Activation likelihood estimation

CBMA was performed with the revised version of ALE [61]. ALE estimates convergence and compares this with a random topography. ALE employs three steps: 1) extracted coordinates are modeled as center of three-dimensional Gaussian probability distribution confirming uncertainty results from between-subject variations and technical differences; 2) creation of a modeled activation map (MA map) from combination of the probability distributions of all foci in the considered experiment. Then, incorporation of MA maps yields the final ALE map that reflects the likelihood convergence of results across all experiments; 3) statistically comparing the ALE map with a random distribution to discern random convergence from true convergence between experiments [52,61,62]. Significant statistical threshold set at p < 0.05 family-wise error in cluster level (cFWE) [49].

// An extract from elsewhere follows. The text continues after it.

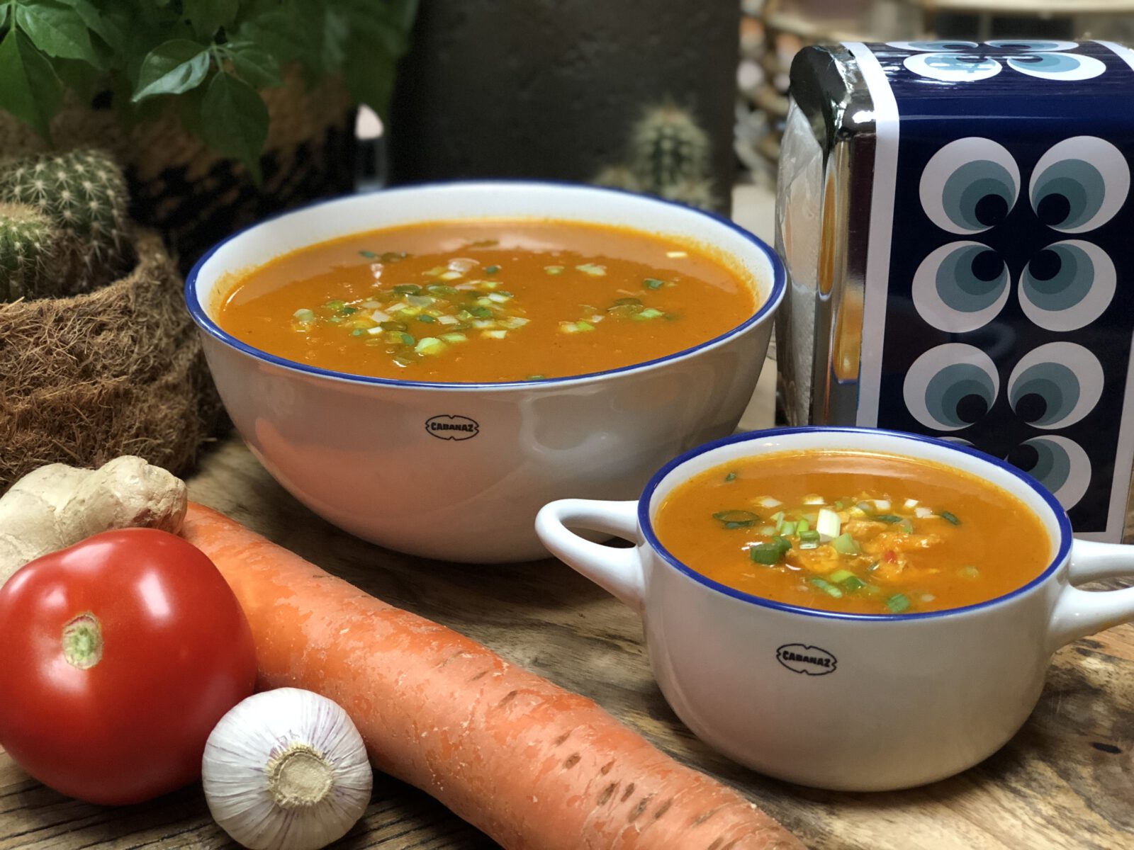 Verhit een scheutje olie in een stoof/soep pan en fruit de uien met de knoflook, gember, rode peper, kerriepoeder, paprikapoeder en de sambal. Voeg de tomaten, geraspte wortelen en 2 verkruimelde bouillonblokjes toe, bak dit even kort mee. Voeg 800 milliliter water en 1 el suiker toe. Leg de kipfilet in de pan en laat de soep met de deksel op de pan 30 minuten zachtjes koken. Haal de kip uit de pan, trek deze uit elkaar en pureer de soep. Voeg de kip terug, breng op smaak met peper en/of zout en roer de bosui erdoorheen.
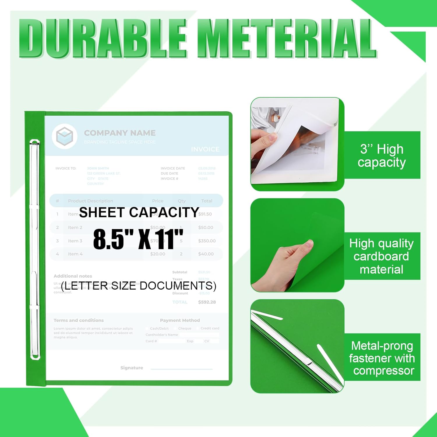 - Metal Prongs with Compressor: our green certificate folders are not only visually appealing but also practical; They come with a 2 holes metal prong with a compressor measuring about 8-1/2 inches; These metal prongs are sturdy, durable, and more convenient to use; They can effectively keep your documents in place and reduce volume for a neat presentation

Confirmatory ROI-based analysis

In addition to the whole brain ALE approach, we performed ROI analysis using the LONI Probabilistic Brain Atlas (LPBA40) [63] in order to indicate potential regions in which there is above-chance convergence. Here, we compared the sum of all ALE values in the particular region to their distribution order null, which tests for the maximum convergence for the average across the entire ROI. Afterwards, we corrected the results for multiple comparisons using FWE threshold in cluster level to avoid false-positive results [49,64].

Results

From 313 retrieved papers, 19 fulfilled the criteria (Fig. 1), including 10 “patients < controls” contrasts and nine “patients > controls” contrasts resulting in 115 peak foci (Fig. 2 A). Included studies were consisting of eight rs-fMRI studies, which applied various methods. For example, one study performed whole brain functional connectivity, one study applied independent components analysis (ICA), two studies performed regional homogeneity (ReHo), and four studies applied the amplitude of low frequency fluctuations (ALFF) method. We also included six task-fMRI studies including letter fluency, category fluency, working memory, tower of London, and emotional tasks. In addition, two PET experiments were included in our analysis.

Fig. 1.

Study selection strategy flow chart.

Fig. 2.

A) Reported coordinates reflecting structural/functional brain alterations in patients with insomnia disorder compared to healthy subjects (red = increased, blue = decreased); B) ALE maps relevant to meta-analysis, reflecting spatial uncertainty associated with each peak coordinate by modeling Gaussian probability distributions around each peak coordinate (p = 0.914, family-wise error in cluster level). (For interpretation of the references to color/colour in this figure legend, the reader is referred to the Web version of this article.)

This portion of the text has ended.